• WHAT YOU WILL DO: For this exercise, return only the lines in the records below from the one holding "2015年5月28日,山東捷" through the one holding "Sabtu, 18 Mei", including both, exactly as they appear and without pictures.

• GIVEN RECORDS:
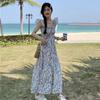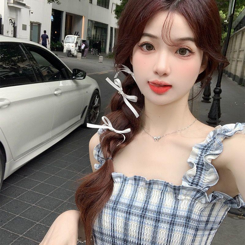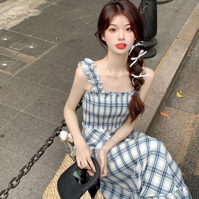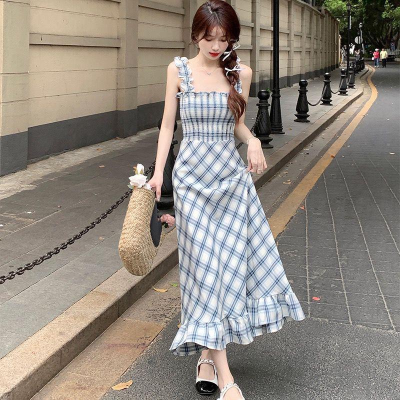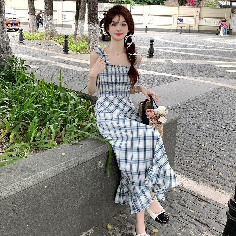Vestido adelgazante estampado a cuadros, falda con tirantes, falda de playa, vacaciones junto al mar, chica guapa alta, vestido chaleco sin mangas
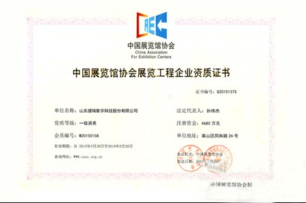 2015年5月28日,山東捷瑞數(shù)字科技股份有限公司順利通過(guò)中國(guó)展覽館協(xié)會(huì)的審核,正式被認(rèn)定為中國(guó)展覽展示行業(yè)最高資質(zhì):展覽工程企業(yè)一級(jí)資質(zhì),并獲得中國(guó)展覽館協(xié)會(huì)頒發(fā)的資質(zhì)證書(shū)。
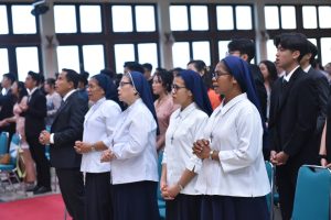 Sabtu, 18 Mei 2024 SMA Santa Theresia menggelar acara graduation. Kegiatan ini diikuti oleh 154 peserta didik kelas XII. Jumlah tersebut terdiri atas 93 peserta didik kelas XII IPA dan 61 IPS. Acara diawali dengan misa pukul 15.00 WIB dan dilanjutkan dengan prosesi wisuda. Acara yang digelar setiap tahun sekali ini mengusung tema “Integrity: Guiding light to Success”. Tema ini memberikan pesan dan harapan kepada wisudawan untuk terus memegang teguh integritas dalam setiap langkah hidupnya. Graduation yang berlangsung kurang lebih lima jam ini berjalan tertib sehingga menciptakan suasana hangat dan penuh suka cita. Selamat dan sukses selalu untuk Theresian 64, selamat mengepakkan sayap lebih tinggi lagi, dan siap menggapai cita.
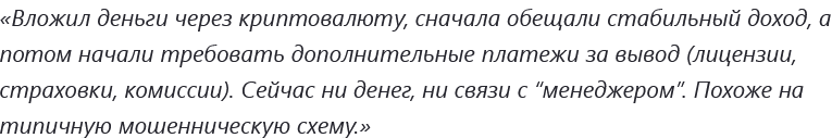 На странице проекта в интернете отклики юзеров не публикуются, на специализированных площадках можно встретить только негативные оценки деятельности ресурса. Люди рассказывают о том, что менеджеры обещают стабильный доход, а после создания заявки на вывод начинают требовать уплату комиссии и иных дополнительных платежей, а в итоге производят блокировку аккаунта.
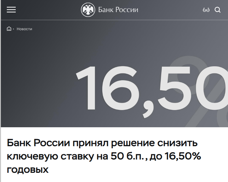 "Банк России принял решение снизить ключевую ставку на 50 б.п., до 16,50% годовых".

• YOUR RESPONSE:
 2015年5月28日,山東捷瑞數(shù)字科技股份有限公司順利通過(guò)中國(guó)展覽館協(xié)會(huì)的審核,正式被認(rèn)定為中國(guó)展覽展示行業(yè)最高資質(zhì):展覽工程企業(yè)一級(jí)資質(zhì),并獲得中國(guó)展覽館協(xié)會(huì)頒發(fā)的資質(zhì)證書(shū)。
 Sabtu, 18 Mei 2024 SMA Santa Theresia menggelar acara graduation. Kegiatan ini diikuti oleh 154 peserta didik kelas XII. Jumlah tersebut terdiri atas 93 peserta didik kelas XII IPA dan 61 IPS. Acara diawali dengan misa pukul 15.00 WIB dan dilanjutkan dengan prosesi wisuda. Acara yang digelar setiap tahun sekali ini mengusung tema “Integrity: Guiding light to Success”. Tema ini memberikan pesan dan harapan kepada wisudawan untuk terus memegang teguh integritas dalam setiap langkah hidupnya. Graduation yang berlangsung kurang lebih lima jam ini berjalan tertib sehingga menciptakan suasana hangat dan penuh suka cita. Selamat dan sukses selalu untuk Theresian 64, selamat mengepakkan sayap lebih tinggi lagi, dan siap menggapai cita.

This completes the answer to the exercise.